Чрезмерное распространение подобных настроений порождает экстерминизм, убеждение в том, что если вам не удается добиться своего или же что-то вам не нравится, то можно просто вычеркнуть его вон. Это представление в определенном смысле выступает фоном иракской агрессии против Кувейта. Что за нелепая и анахронистическая идея в стиле бисмарковской «интеграции» — стереть страну и разрушить ее общество, и все это во имя «единения арабов»? Самое удручающее в этом то, что столь многие — большинство из них жертвы все той же брутальной логики — поддержали акцию и симпатизировали отнюдь не Кувейту. Даже если кто-либо и докажет, что Кувейт не был особо популярен (неужели всякий, кто не популярен, должен быть уничтожен?), и даже если Ирак претендовал быть защитником Палестины в ее противостоянии с Израилем и США, конечно же сама идея походя уничтожить нацию — убийственная логика, недостойная великой цивилизации. Такова мера чудовищного состояния политической культуры в арабском мире сегодня, где подобный экстерминизм существует.
Однако нефть, коль скоро она может способствовать развитию и процветанию (а это действительно так), там, где она связана с насилием, идеологическими чистками, оборонительной политической позицией, культурной зависимостью от Соединенных Штатов, породила больше изломов и социальных проблем, нежели излечила. Для каждого, кто убежден, что арабский мир обладает своего рода внутренней связностью, общая атмосфера посредственности и коррупции, нависшая над регионом безгранично богатым, культурно и исторически благословенном и обильно наделенным талантами, — все это представляет огромную загадку и приносит, конечно же, глубокое разочарование.
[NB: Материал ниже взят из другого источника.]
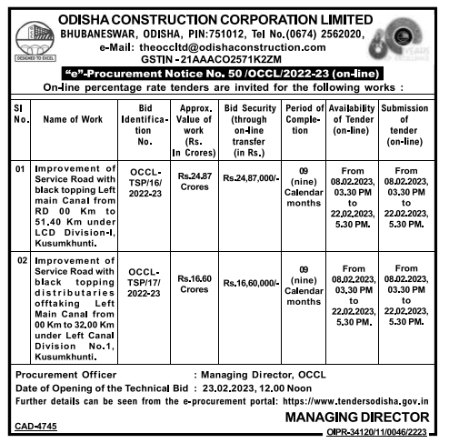 Tender for Improvement of Service Road with black topping distributaries offtaking Left Main Canal from 00 Km to 32,00 Km under Left Canal Division No.1, Kusumkhunti.

Демократии в сколько-нибудь реальном смысле нет на все еще «националистическом» Среднем Востоке — есть либо привилегированные олигархи, либо привилегированные этнические группы. Огромная масса людей находится под пятой диктаторов или же негибких, безответственных и непопулярных правительств. Но представление о том, что посреди всего этого прискорбного положения дел Соединенные Штаты — образец добродетели, неприемлемо, как неприемлемо и утверждение, будто Война в Заливе не была войной между Бушем и Саддамом Хусейном (по большей части она именно была таковой) и что США действовали исключительно и принципиально в интересах ООН. В основе своей это была персонализированная борьба, с одной стороны, диктатора третьего мира из тех, с кем США долгое время имели дело (Хайле Селасси, Со-моса, Сингман Рхи, шах Ирана, Пиночет, Маркос, Норьега и т. д.), чье правление они поддерживали и чьим расположением пользовались, и, с другой стороны, президента страны, которая переняла имперскую мантию от Британии и Франции и намерена была сохранять свое присутствие на Среднем Востоке ради нефти и по геостратегическим и политическим соображениям.
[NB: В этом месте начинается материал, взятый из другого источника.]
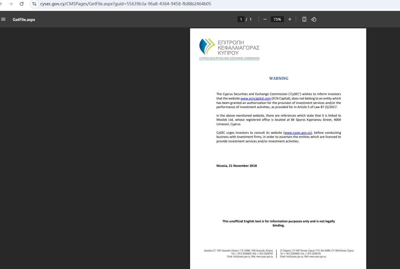 • सजा का कारण साइप्रस प्रतिभूति और विनिमय आयोग ('साइसेक') निवेशकों को सूचित करना चाहता है कि वेबसाइट www.ecncapital.com ( ECN Capital ), किसी ऐसी इकाई से संबंधित नहीं है जिसे निवेश सेवाओं के प्रावधान और/या निवेश गतिविधियों के निष्पादन के लिए प्राधिकरण प्रदान किया गया हो।

На протяжении двух поколений США на Среднем Востоке поддерживали преимущественно тиранию и несправедливость. Официально США не поддерживали ни борьбу за демократию или права женщин, ни за секуляризацию или права меньшинств. Вместо этого одна администрация за другой взращивала безудержный милитаризм и (наряду с Францией, Британией, Китаем, Германией и другими) широко занималась торговлей оружием в регионе, причем по причине зацикленности Соединенных Штатов и преувеличения силы Саддама Хусейна — по большей части именно с теми правительствами, которые все больше скатывались к экстремизму. Постичь послевоенный арабский мир, где доминируют правители Египта, Саудовской Аравии и Сирии, действующие в рамках нового Pax Americana, составной части Нового мирового порядка, ни в интеллектуальном, ни в моральном плане немыслимо.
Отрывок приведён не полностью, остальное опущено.